• WHAT YOU ARE ASKED TO DO
In your copy, reproduce each entry exactly and leave out the pictures.

----- RECORDED DATA

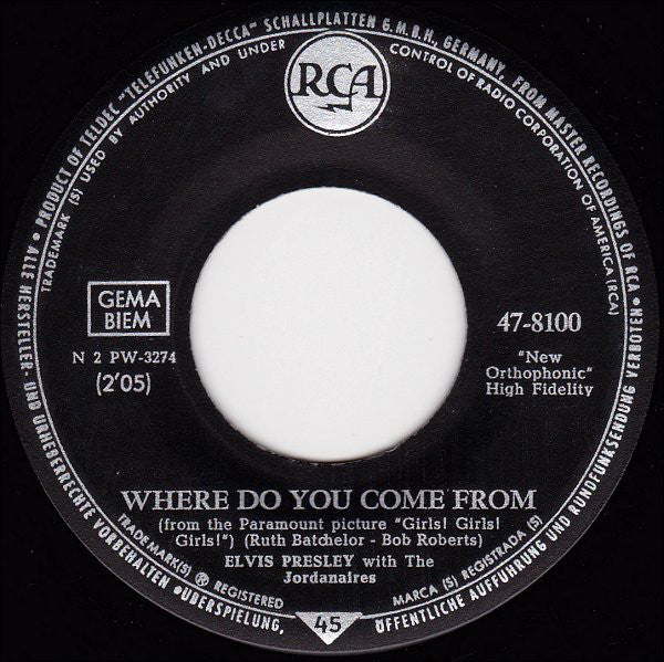 A. Elvis Presley, The Jordanaires - Return To Sender (From The Paramount Picture "Girls! Girls! Girls!") 2:05B. Elvis Presley, The Jordanaires - Where Do You Come From (From The Paramount Picture "Girls! Girls! Girls!") 2:05
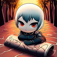 "Course Laying" vangt de surrealistische samensmelting van onschuld en strategische vastberadenheid in een prachtig gestileerde chibi-krijger. Tegen de achtergrond van een gloeiend, dromerig bos in gesmolten zonsondergangtinten ligt deze vastberaden figuur op een rol - misschien een strijdplan, misschien een profetie - bedekt met mysterieuze figuren en onbekende kaarten.
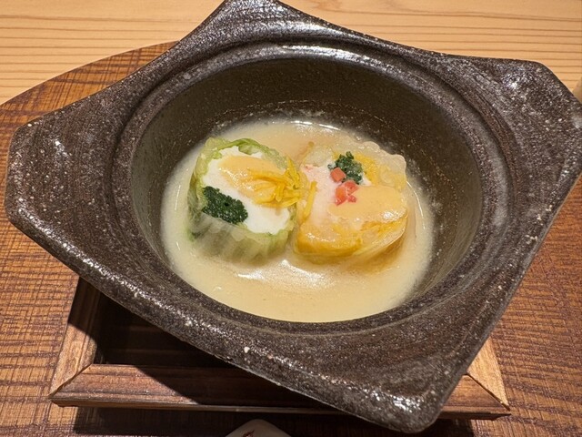 蓬餅の揚げ出し、河豚アン、とうとおみ、白子入り
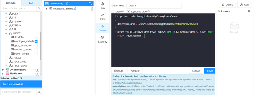 hello, We are using open source BI Helical Insight version 6.1.0.852 GA (Docker). We want to pass in the user’s time zone by fetching it dynamically from the user profile (profile[‘timeZone’]). Can we achieve this use case ?
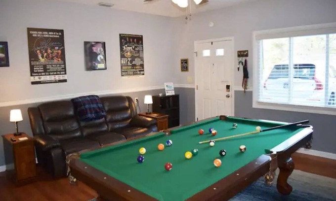 This is not your typical rental! It’s created for family fun and up to 6-8 guests. This 1,800 sq. ft. home is located on Johnson City’s east side, just minutes from Jonesborough, ETSU, the Med-Tech corridor, Kingsport, & Bristol, baby! Comfort was our primary consideration with thoughtfully selected brand-new mattresses, some new furniture and fixtures, and a well-stocked kitchen. This house is equipped for FUN with a pool table, air hockey, ping-pong, and video arcade console.
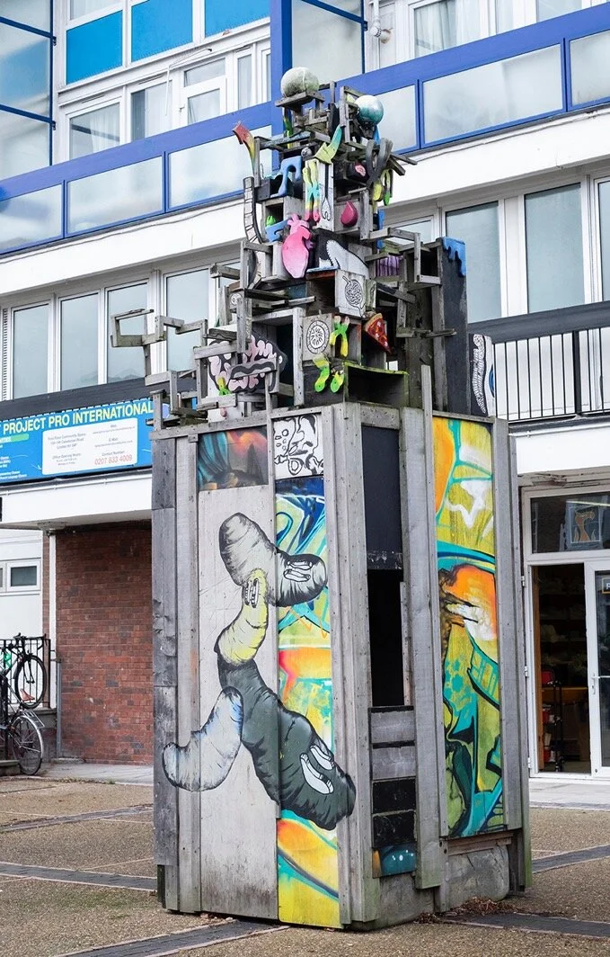 I wonder at her optimism in what appears to be such a sanitised space and doubt that this piece of the city truly belongs us. I think back with to the slightly ramshackle sculpture on Caledonian Road. Whoever made that were ‘active within it.’

----------

• COMPLETED TASK
 A. Elvis Presley, The Jordanaires - Return To Sender (From The Paramount Picture "Girls! Girls! Girls!") 2:05B. Elvis Presley, The Jordanaires - Where Do You Come From (From The Paramount Picture "Girls! Girls! Girls!") 2:05
 "Course Laying" vangt de surrealistische samensmelting van onschuld en strategische vastberadenheid in een prachtig gestileerde chibi-krijger. Tegen de achtergrond van een gloeiend, dromerig bos in gesmolten zonsondergangtinten ligt deze vastberaden figuur op een rol - misschien een strijdplan, misschien een profetie - bedekt met mysterieuze figuren en onbekende kaarten.
 蓬餅の揚げ出し、河豚アン、とうとおみ、白子入り
 hello, We are using open source BI Helical Insight version 6.1.0.852 GA (Docker). We want to pass in the user’s time zone by fetching it dynamically from the user profile (profile[‘timeZone’]). Can we achieve this use case ?
 This is not your typical rental! It’s created for family fun and up to 6-8 guests. This 1,800 sq. ft. home is located on Johnson City’s east side, just minutes from Jonesborough, ETSU, the Med-Tech corridor, Kingsport, & Bristol, baby! Comfort was our primary consideration with thoughtfully selected brand-new mattresses, some new furniture and fixtures, and a well-stocked kitchen. This house is equipped for FUN with a pool table, air hockey, ping-pong, and video arcade console.
 I wonder at her optimism in what appears to be such a sanitised space and doubt that this piece of the city truly belongs us. I think back with to the slightly ramshackle sculpture on Caledonian Road. Whoever made that were ‘active within it.’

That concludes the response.